How is access restricted to a website?

This is an issue faced by all search engines, not just findx. Every website can specifically allow or disallow spiders or other ‘user-agents’ (bots or human users) from accessing their pages, by explicitly naming them in a file called robots.txt.

Some sites may only allow Google to see their pages, others may only allow Yandex. Some sites may disallow all user-agents, or only allow traffic from one particular bot to see their pages.

It’s a common practice to limit indexing of pages by using a detailed robots.txt.

Not allowed to index

Unfortunately, the findxbot is not allowed to index some of the larger and popular English-language websites.

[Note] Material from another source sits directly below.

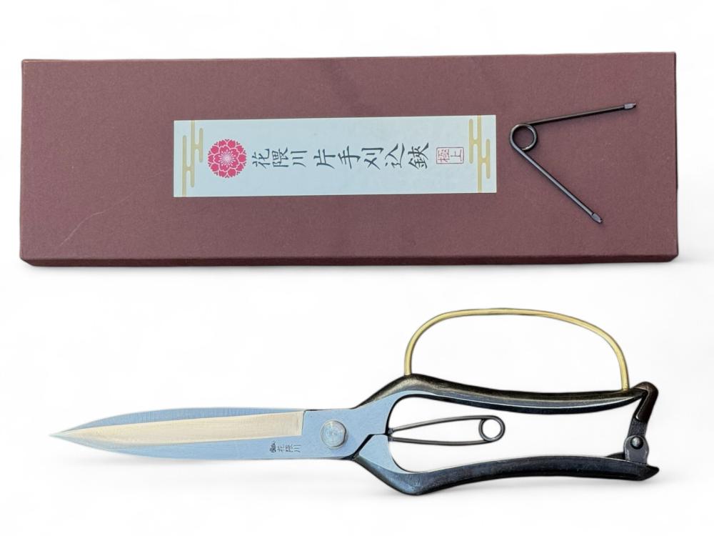 Професійні топіарні ножиці Hanakumagawa (артикул: 4580149742154) — це високоякісний садовий інструмент, зроблений вручну в Японії. Завдяки загальній довжині 270 мм і гострим 130 мм лезам з вуглецевої сталі S58C (твердість 61 HRC) ці ножиці ідеально підходять для точного підстригання та формування декоративних кущів, бонсай і топіарних фігур.

We have specifically asked that our spider have permission to index pages on some of these sites, but a couple have said no (Yelp and Quora), and we are waiting to hear back from some others (Github, Facebook and LinkedIn).

You can see the full list of websites that findx is not allowed to index in the help, and we have included a link to each site’s robots.txt so you can see what other user-agents these sites have also blocked.

What if I want to search on those sites?

Findx is a true search engine and wants to comply with the known robots.txt standards That’s why we can’t show you any results from the sites that don’t allow us to index.

But you can use a search exit to quickly and easily repeat your search on those specific sites. Simply type !q in the search box to jump to Quora, or !fb for Facebook.

Search Quora from findx using !q

Or, you can write to the site and ask them to give permission to findx to index their pages! 😉